Problem description:
The expected output is every record below, transcribed exactly, with the pictures left out.

* * * *

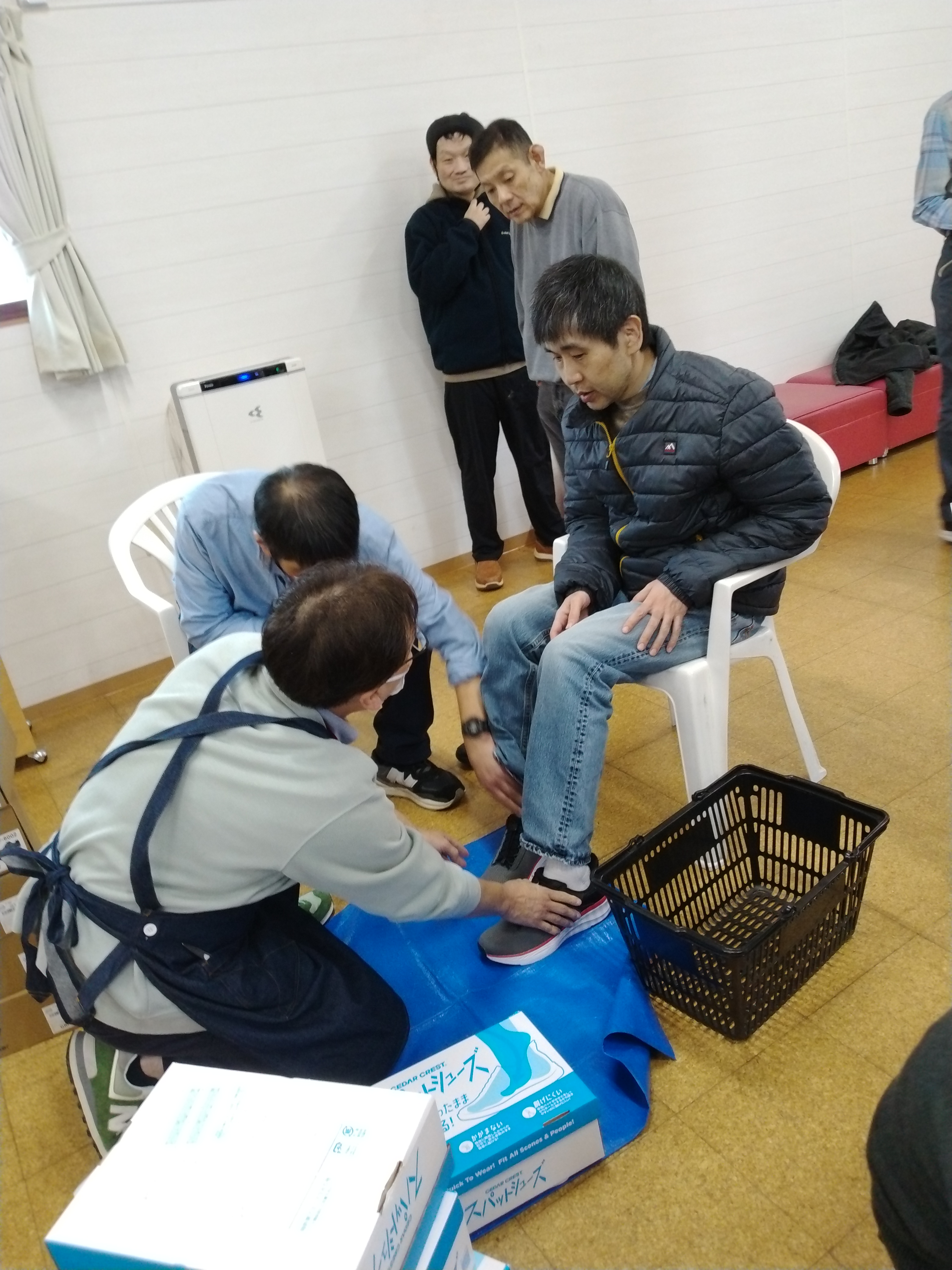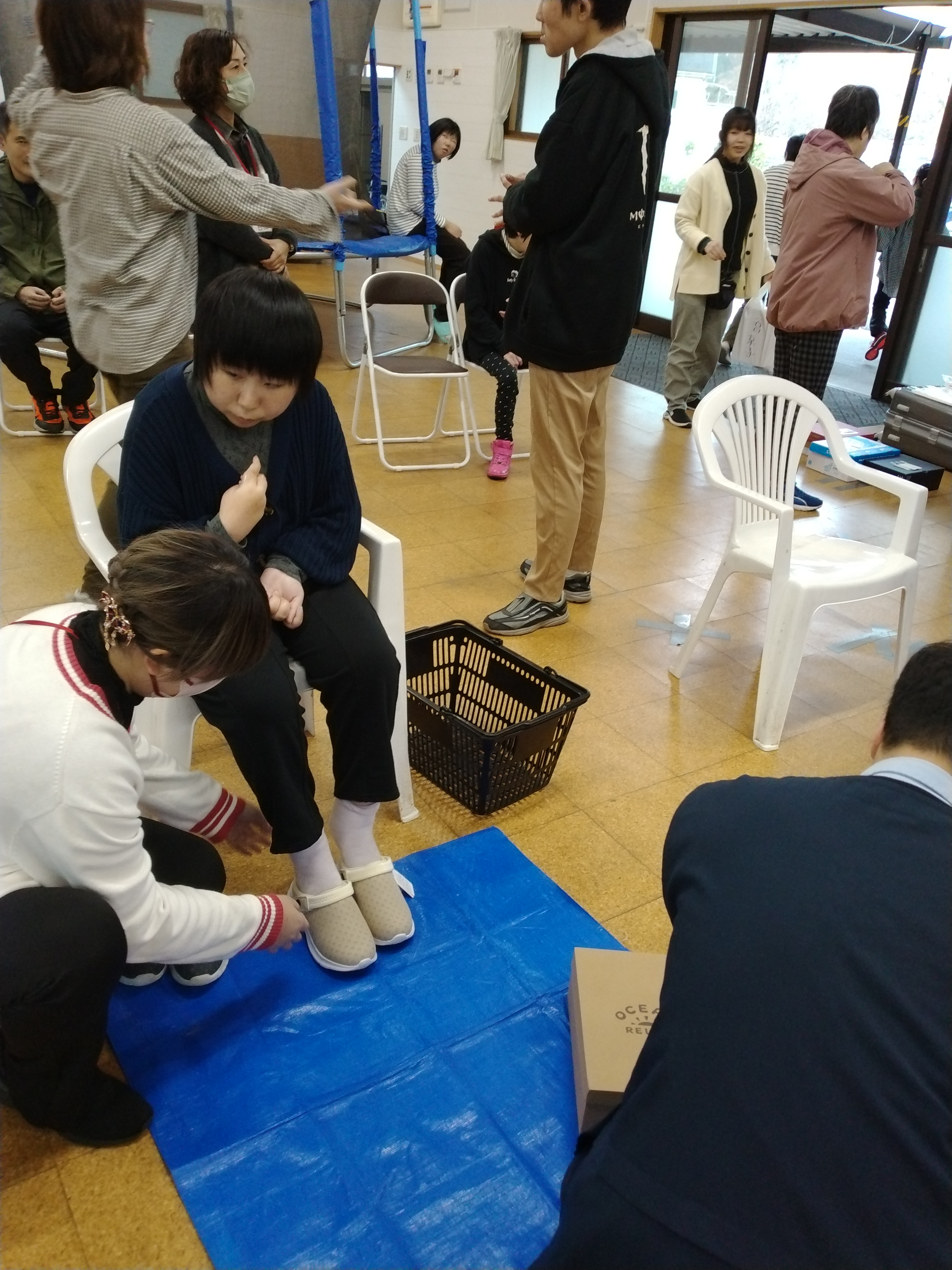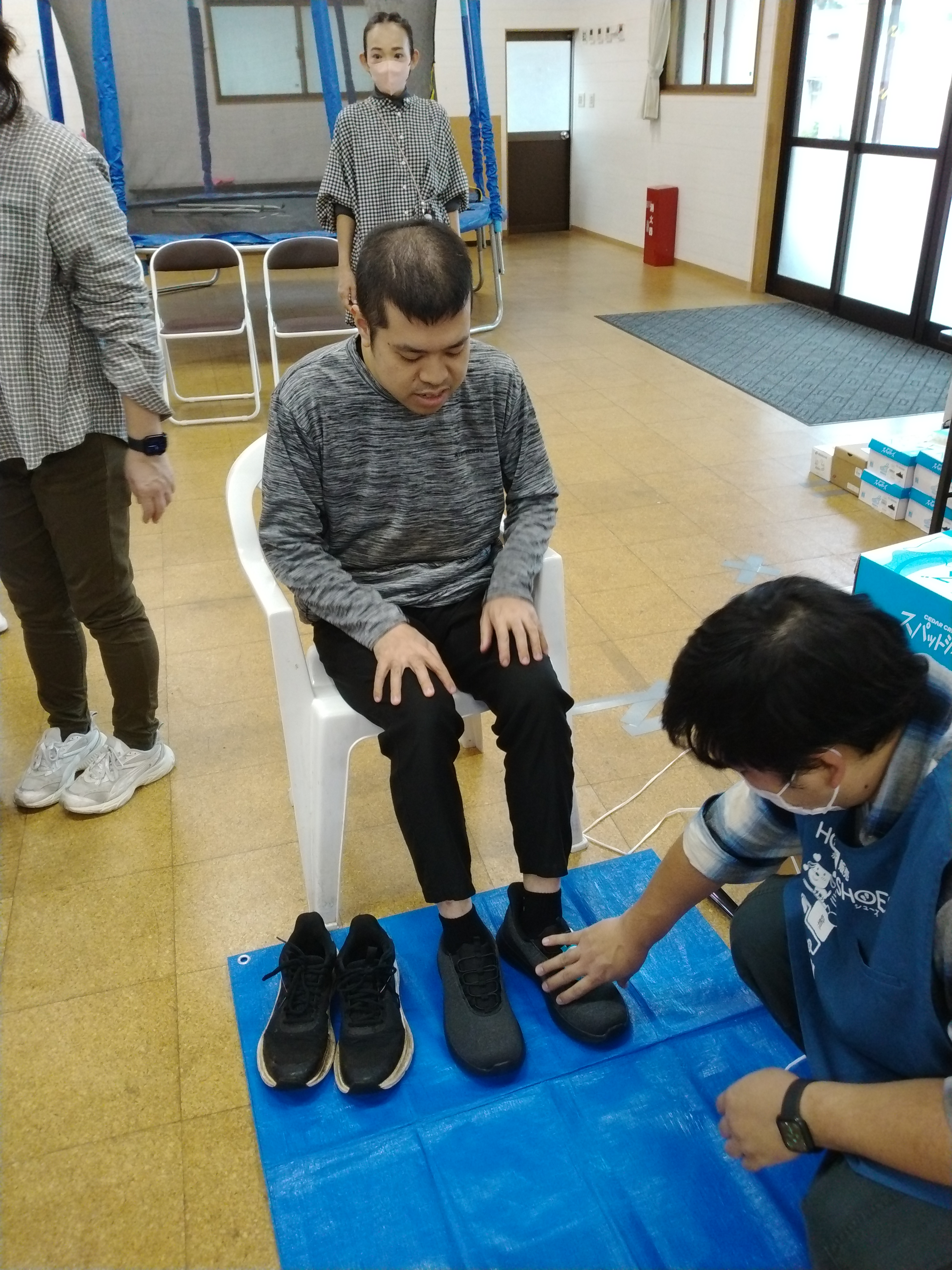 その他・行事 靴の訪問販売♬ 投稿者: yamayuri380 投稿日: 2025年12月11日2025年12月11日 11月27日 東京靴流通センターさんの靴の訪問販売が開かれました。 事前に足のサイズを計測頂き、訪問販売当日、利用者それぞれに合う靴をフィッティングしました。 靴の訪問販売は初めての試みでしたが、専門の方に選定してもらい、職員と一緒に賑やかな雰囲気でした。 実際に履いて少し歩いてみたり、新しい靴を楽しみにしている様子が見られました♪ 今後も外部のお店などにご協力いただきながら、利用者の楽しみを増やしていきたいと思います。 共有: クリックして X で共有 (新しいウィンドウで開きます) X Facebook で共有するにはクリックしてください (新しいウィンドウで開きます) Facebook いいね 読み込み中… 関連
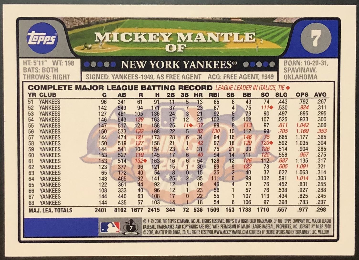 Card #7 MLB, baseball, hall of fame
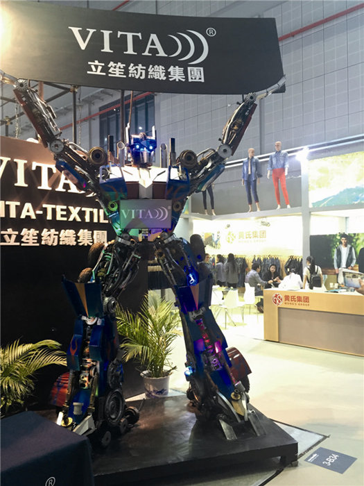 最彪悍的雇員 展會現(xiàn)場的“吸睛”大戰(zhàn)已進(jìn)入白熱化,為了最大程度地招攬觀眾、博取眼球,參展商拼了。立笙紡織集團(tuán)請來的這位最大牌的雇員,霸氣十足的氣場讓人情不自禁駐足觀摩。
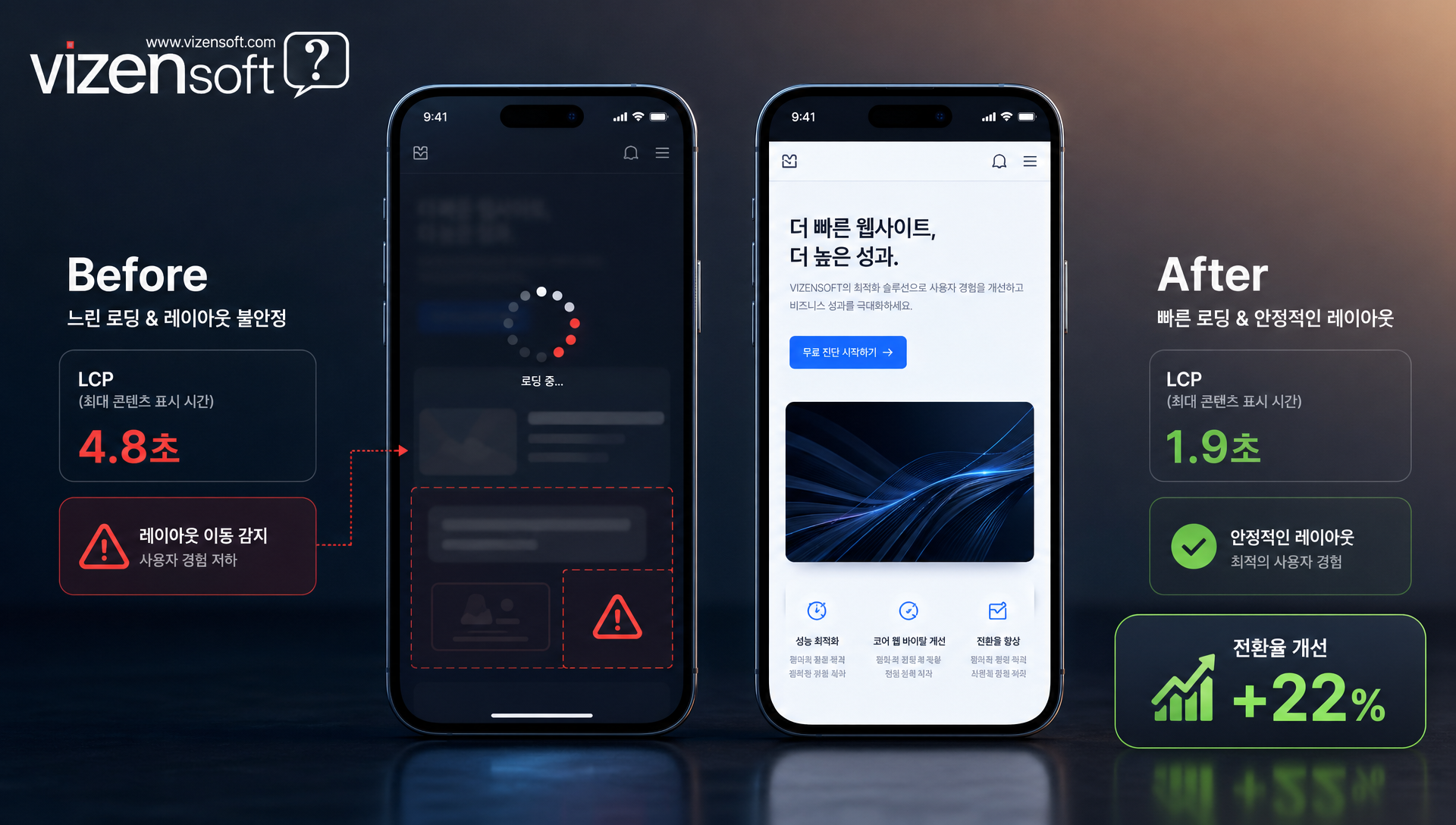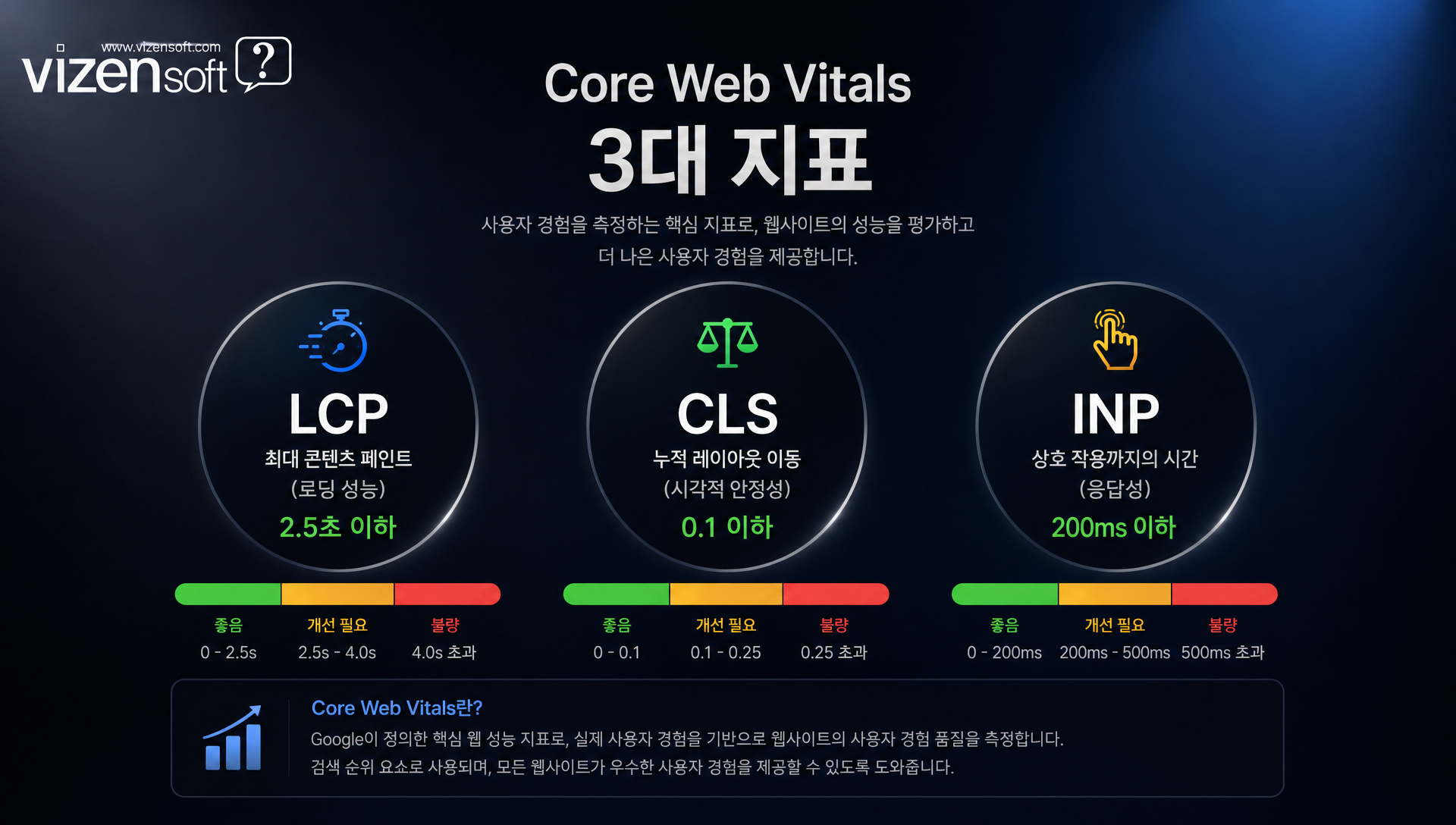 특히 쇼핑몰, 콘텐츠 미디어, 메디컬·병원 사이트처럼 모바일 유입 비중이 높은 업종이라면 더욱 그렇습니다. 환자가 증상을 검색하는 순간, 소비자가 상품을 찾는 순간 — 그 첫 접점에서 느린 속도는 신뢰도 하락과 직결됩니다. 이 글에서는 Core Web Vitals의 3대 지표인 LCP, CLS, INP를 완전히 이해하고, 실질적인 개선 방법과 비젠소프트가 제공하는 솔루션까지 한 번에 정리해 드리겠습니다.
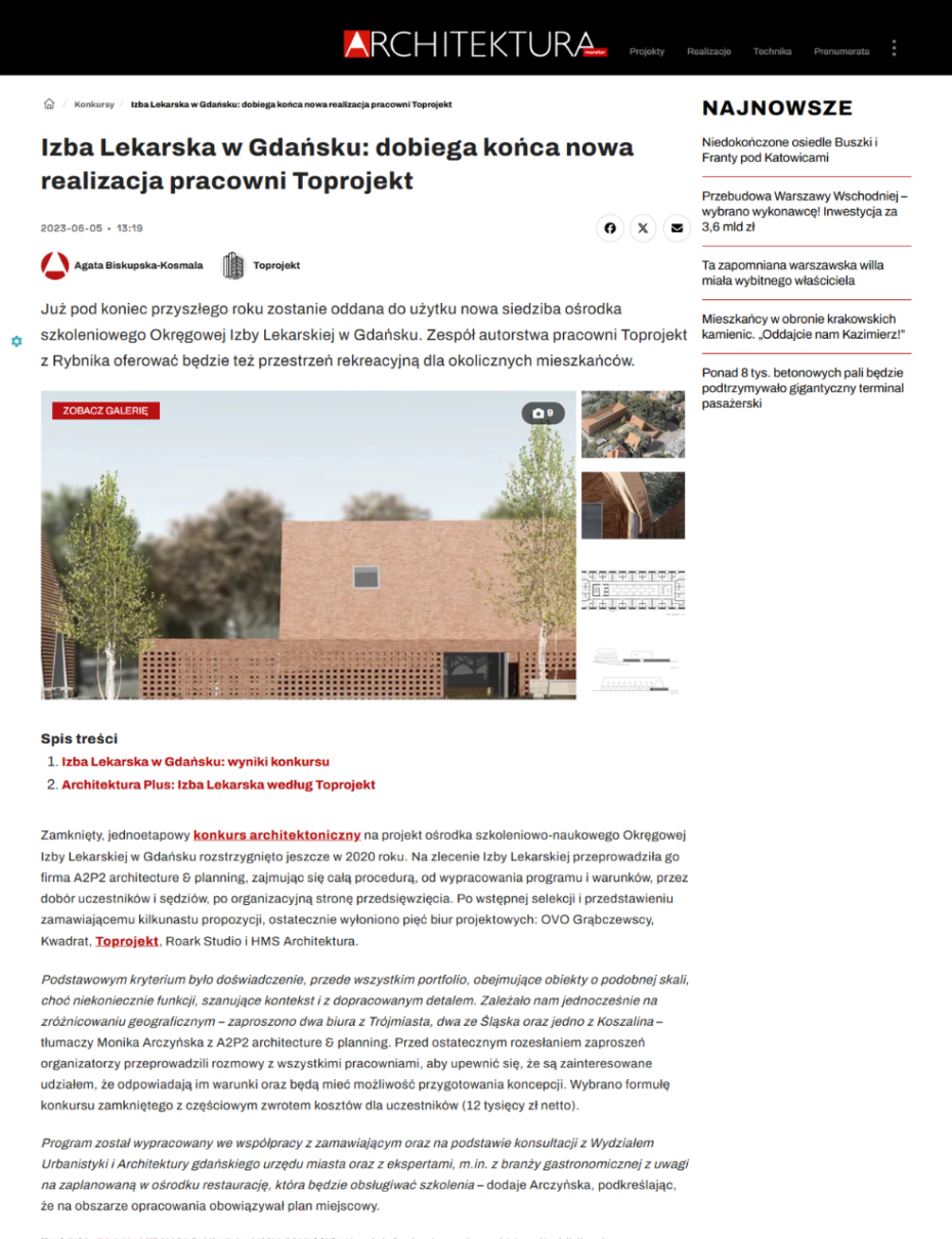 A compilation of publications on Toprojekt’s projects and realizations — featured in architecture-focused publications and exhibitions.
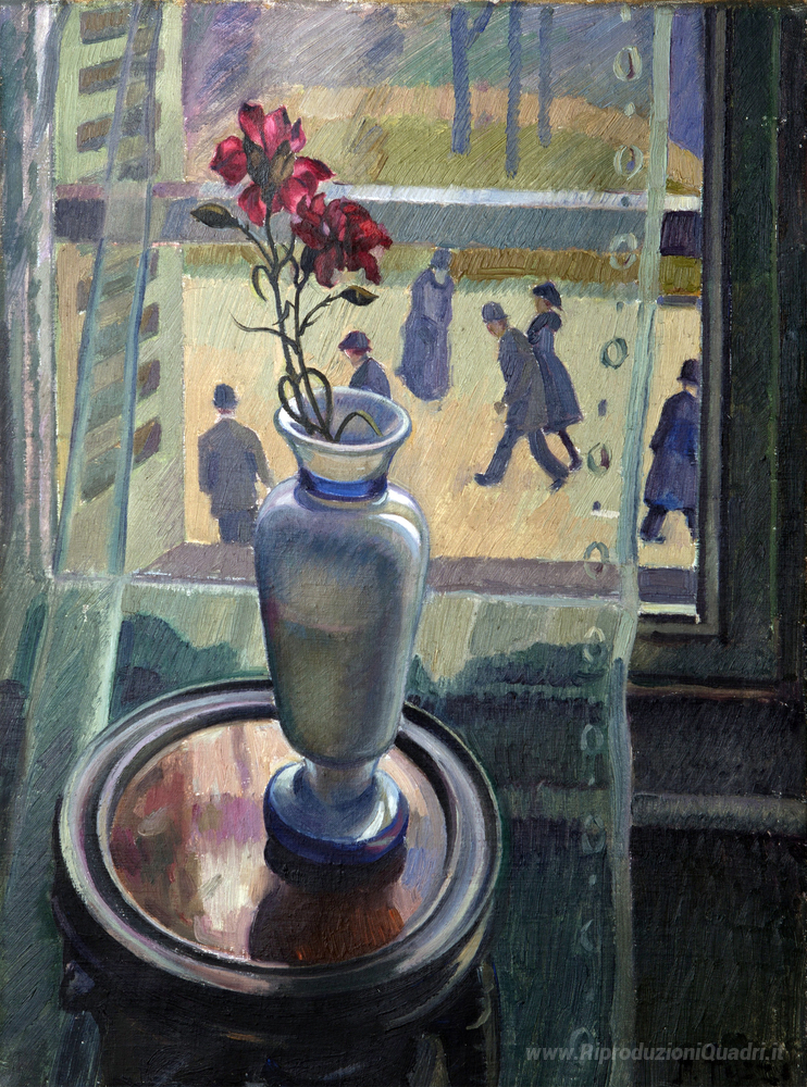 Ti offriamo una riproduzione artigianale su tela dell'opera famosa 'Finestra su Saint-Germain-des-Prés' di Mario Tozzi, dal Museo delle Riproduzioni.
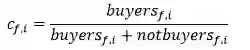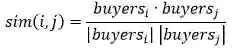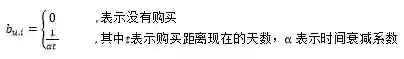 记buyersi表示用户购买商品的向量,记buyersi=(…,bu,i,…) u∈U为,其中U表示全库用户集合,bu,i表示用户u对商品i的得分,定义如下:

* * * *

Task answer:
 その他・行事 靴の訪問販売♬ 投稿者: yamayuri380 投稿日: 2025年12月11日2025年12月11日 11月27日 東京靴流通センターさんの靴の訪問販売が開かれました。 事前に足のサイズを計測頂き、訪問販売当日、利用者それぞれに合う靴をフィッティングしました。 靴の訪問販売は初めての試みでしたが、専門の方に選定してもらい、職員と一緒に賑やかな雰囲気でした。 実際に履いて少し歩いてみたり、新しい靴を楽しみにしている様子が見られました♪ 今後も外部のお店などにご協力いただきながら、利用者の楽しみを増やしていきたいと思います。 共有: クリックして X で共有 (新しいウィンドウで開きます) X Facebook で共有するにはクリックしてください (新しいウィンドウで開きます) Facebook いいね 読み込み中… 関連
 Card #7 MLB, baseball, hall of fame
 最彪悍的雇員 展會現(xiàn)場的“吸睛”大戰(zhàn)已進(jìn)入白熱化,為了最大程度地招攬觀眾、博取眼球,參展商拼了。立笙紡織集團(tuán)請來的這位最大牌的雇員,霸氣十足的氣場讓人情不自禁駐足觀摩。
 특히 쇼핑몰, 콘텐츠 미디어, 메디컬·병원 사이트처럼 모바일 유입 비중이 높은 업종이라면 더욱 그렇습니다. 환자가 증상을 검색하는 순간, 소비자가 상품을 찾는 순간 — 그 첫 접점에서 느린 속도는 신뢰도 하락과 직결됩니다. 이 글에서는 Core Web Vitals의 3대 지표인 LCP, CLS, INP를 완전히 이해하고, 실질적인 개선 방법과 비젠소프트가 제공하는 솔루션까지 한 번에 정리해 드리겠습니다.
 A compilation of publications on Toprojekt’s projects and realizations — featured in architecture-focused publications and exhibitions.
 Ti offriamo una riproduzione artigianale su tela dell'opera famosa 'Finestra su Saint-Germain-des-Prés' di Mario Tozzi, dal Museo delle Riproduzioni.
 记buyersi表示用户购买商品的向量,记buyersi=(…,bu,i,…) u∈U为,其中U表示全库用户集合,bu,i表示用户u对商品i的得分,定义如下:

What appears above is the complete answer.